The current standards for compound screening are animal models; while representing human tissues of interest, these models are expensive, scarce, and carry ethical challenges. On the other end, 2D in vitro assays poorly mimic native cellular environments and thus human in vivo response, but offer high-throughput testing with ease. There is a demand for in vitro assays that are both predictive of human in vivo response and high-throughput.

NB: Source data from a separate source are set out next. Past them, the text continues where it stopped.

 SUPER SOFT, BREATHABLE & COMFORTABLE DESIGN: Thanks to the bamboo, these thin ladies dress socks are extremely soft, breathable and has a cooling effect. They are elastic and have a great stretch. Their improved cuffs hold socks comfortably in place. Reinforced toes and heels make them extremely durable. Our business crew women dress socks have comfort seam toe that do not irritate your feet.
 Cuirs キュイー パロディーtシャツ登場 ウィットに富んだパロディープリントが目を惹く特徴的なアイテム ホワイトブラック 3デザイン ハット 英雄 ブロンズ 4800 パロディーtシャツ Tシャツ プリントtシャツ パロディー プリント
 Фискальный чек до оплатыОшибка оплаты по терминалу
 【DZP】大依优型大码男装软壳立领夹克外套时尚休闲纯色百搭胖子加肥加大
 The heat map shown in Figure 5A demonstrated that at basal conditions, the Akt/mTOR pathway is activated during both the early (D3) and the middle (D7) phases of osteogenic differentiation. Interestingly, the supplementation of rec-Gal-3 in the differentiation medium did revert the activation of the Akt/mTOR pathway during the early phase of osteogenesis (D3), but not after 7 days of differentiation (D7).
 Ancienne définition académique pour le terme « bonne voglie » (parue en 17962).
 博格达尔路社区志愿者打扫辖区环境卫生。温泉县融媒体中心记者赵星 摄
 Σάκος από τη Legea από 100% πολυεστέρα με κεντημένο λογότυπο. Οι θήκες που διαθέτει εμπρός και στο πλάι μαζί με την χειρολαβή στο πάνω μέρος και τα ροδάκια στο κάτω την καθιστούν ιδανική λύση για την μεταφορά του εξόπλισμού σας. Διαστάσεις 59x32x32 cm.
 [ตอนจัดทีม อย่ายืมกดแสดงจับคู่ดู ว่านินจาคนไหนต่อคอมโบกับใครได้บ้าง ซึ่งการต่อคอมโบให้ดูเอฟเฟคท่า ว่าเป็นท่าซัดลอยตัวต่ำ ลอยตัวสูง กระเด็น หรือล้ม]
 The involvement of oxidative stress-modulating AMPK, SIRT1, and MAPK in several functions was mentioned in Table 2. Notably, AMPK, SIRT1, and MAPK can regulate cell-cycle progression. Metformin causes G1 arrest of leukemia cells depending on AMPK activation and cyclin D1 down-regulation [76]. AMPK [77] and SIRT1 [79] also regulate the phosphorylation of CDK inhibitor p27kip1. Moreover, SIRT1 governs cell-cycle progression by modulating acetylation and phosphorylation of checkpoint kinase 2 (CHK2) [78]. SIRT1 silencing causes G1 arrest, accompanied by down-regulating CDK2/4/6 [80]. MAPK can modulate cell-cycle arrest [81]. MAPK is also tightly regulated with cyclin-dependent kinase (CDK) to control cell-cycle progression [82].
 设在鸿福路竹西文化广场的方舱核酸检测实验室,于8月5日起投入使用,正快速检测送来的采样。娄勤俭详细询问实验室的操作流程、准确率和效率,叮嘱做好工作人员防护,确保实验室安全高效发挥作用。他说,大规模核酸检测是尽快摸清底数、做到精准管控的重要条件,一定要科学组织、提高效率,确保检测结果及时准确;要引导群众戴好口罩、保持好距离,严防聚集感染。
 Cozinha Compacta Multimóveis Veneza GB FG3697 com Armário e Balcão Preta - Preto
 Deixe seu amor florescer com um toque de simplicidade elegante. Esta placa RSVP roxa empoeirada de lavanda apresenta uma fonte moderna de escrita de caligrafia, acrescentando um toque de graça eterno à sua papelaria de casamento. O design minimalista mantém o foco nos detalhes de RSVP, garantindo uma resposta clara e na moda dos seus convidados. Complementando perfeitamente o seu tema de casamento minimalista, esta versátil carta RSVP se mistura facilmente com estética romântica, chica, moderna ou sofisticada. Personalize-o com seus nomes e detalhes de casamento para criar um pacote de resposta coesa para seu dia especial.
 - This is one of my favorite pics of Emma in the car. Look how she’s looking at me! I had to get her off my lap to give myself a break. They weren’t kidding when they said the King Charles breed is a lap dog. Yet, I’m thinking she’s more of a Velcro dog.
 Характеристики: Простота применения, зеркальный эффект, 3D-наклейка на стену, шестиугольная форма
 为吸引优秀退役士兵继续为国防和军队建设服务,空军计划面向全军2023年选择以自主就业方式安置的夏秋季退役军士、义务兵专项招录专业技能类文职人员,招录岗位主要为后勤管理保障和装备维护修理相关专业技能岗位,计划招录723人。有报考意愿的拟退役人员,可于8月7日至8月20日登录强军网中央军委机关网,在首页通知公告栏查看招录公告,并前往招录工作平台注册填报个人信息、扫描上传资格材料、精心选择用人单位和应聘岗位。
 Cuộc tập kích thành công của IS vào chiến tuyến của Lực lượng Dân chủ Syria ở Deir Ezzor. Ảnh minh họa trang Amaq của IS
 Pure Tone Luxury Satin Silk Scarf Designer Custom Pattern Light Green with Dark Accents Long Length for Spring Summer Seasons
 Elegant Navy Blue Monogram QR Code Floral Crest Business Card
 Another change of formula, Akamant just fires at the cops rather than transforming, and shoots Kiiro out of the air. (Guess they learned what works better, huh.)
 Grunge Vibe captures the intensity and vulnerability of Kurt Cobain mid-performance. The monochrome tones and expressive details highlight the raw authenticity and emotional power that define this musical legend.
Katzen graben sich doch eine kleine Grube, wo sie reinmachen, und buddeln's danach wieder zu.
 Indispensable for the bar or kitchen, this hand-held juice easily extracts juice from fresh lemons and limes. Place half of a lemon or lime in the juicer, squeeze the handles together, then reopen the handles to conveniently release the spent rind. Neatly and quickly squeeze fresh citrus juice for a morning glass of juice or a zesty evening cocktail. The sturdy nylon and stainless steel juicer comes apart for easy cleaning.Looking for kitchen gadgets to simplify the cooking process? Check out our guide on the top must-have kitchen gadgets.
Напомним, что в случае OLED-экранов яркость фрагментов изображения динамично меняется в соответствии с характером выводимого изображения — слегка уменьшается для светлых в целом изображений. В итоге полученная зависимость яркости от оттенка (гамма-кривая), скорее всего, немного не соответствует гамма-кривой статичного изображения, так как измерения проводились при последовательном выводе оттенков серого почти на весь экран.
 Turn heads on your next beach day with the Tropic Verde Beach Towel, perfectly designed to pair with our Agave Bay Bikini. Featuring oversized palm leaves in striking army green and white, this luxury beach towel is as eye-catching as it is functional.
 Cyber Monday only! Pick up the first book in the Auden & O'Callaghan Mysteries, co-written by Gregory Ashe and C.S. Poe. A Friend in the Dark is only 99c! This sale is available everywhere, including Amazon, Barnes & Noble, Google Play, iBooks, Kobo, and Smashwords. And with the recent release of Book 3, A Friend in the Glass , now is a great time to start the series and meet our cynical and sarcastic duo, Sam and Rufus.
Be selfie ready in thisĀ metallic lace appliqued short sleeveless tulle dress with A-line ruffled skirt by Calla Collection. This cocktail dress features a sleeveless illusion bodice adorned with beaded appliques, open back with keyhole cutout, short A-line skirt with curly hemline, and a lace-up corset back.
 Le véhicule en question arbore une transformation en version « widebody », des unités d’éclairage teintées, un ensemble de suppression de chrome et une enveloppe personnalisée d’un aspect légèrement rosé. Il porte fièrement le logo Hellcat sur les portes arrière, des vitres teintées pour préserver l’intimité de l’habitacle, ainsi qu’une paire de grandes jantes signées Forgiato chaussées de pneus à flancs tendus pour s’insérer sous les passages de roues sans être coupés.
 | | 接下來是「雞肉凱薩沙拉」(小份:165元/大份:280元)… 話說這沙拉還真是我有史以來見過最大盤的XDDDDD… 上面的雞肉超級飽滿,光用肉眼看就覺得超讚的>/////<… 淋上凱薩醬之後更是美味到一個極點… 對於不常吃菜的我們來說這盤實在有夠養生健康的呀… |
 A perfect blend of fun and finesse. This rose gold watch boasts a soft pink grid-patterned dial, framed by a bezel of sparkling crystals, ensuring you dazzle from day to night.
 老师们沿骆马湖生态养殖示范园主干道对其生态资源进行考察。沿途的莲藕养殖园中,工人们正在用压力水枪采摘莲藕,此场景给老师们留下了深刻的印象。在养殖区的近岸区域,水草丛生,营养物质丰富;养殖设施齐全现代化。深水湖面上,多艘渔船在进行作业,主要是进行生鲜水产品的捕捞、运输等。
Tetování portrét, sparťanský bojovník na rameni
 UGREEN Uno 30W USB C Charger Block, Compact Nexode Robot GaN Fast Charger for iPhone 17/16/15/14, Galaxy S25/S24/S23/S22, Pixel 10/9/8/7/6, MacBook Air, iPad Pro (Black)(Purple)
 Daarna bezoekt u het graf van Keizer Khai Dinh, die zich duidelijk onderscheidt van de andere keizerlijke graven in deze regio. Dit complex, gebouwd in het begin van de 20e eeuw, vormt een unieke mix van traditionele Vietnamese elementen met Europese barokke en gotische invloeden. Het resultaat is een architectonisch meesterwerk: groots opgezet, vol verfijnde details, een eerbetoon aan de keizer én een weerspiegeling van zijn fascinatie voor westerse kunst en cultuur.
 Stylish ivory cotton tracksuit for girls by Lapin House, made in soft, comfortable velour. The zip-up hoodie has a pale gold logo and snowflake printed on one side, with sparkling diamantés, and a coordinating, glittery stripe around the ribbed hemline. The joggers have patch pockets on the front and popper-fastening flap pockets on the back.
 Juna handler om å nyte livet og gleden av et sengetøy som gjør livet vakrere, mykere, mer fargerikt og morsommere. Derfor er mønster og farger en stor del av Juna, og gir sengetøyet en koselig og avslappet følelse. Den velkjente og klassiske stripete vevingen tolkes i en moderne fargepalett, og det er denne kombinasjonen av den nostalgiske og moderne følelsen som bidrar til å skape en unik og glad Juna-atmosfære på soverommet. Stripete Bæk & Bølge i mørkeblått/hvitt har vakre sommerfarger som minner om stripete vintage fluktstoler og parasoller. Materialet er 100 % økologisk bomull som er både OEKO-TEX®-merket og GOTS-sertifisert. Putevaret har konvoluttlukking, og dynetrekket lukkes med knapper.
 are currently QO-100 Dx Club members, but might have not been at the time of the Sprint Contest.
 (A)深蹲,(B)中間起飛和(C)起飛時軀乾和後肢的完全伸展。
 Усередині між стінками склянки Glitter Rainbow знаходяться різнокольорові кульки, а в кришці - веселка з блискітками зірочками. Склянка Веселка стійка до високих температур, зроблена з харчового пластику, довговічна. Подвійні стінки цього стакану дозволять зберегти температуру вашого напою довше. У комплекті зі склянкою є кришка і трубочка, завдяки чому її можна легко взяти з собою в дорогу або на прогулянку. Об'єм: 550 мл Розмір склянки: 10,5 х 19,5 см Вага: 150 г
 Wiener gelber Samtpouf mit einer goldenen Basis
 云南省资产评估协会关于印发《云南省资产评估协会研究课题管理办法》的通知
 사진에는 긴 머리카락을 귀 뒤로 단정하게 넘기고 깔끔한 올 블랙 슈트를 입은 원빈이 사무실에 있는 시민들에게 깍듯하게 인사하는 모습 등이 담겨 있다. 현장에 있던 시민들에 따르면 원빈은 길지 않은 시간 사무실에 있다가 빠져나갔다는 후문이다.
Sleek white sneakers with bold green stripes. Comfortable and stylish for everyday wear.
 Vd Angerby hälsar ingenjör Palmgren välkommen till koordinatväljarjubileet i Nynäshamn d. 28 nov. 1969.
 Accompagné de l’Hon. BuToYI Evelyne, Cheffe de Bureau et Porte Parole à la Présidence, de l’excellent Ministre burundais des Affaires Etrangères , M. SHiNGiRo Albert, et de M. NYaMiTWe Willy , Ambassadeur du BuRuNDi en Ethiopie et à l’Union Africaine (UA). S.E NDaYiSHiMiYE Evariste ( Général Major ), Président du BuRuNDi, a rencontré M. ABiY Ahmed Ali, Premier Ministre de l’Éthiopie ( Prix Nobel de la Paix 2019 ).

As a result, we developed a viability assay, the BiO Assay. Based on magnetic 3D bioprinting, cells magnetized with NS (NanoShuttle™-PL) are printed into spheroids and rings. Immediately after printing, these structures will shrink or close, as a function of cell migration, viability, cell-cell interaction, and / or proliferation, and varies with dosage. Ring closure can be captured using a compact imaging kit (n3Dock) with an iPod™ programmed by a freely available app (Experiment Assistant) to image whole plates at specific intervals, forgoing the need to image well-by-well under a microscope. Culture contraction is generally complete within 24 hours and images are batch processed to rapidly yield toxicity data. Moreover, as the assay is label-free, the remaining rings or spheroids are available for further experimentation (IHC, genomics, Western blot, etc).
The BiO Assay can be used to track the culture contraction of both rings and spheroids representing different situations. For rings, closure of the ring can represent wound-healing, wherein cells are working to close the void in the middle of the ring. Additionally, rings can represent similarly shaped tissues, like blood vessels, where dilation and contraction can be assayed. For Spheroids, contraction is related to spheroid assembly, with the assay macroscopically measuring how well the cells are interacting and migrating to build a competent structure.
The BiO Assay combines 3D cell culture environments with high-throughput and high-content testing to effectively predict in vivo response in vitro.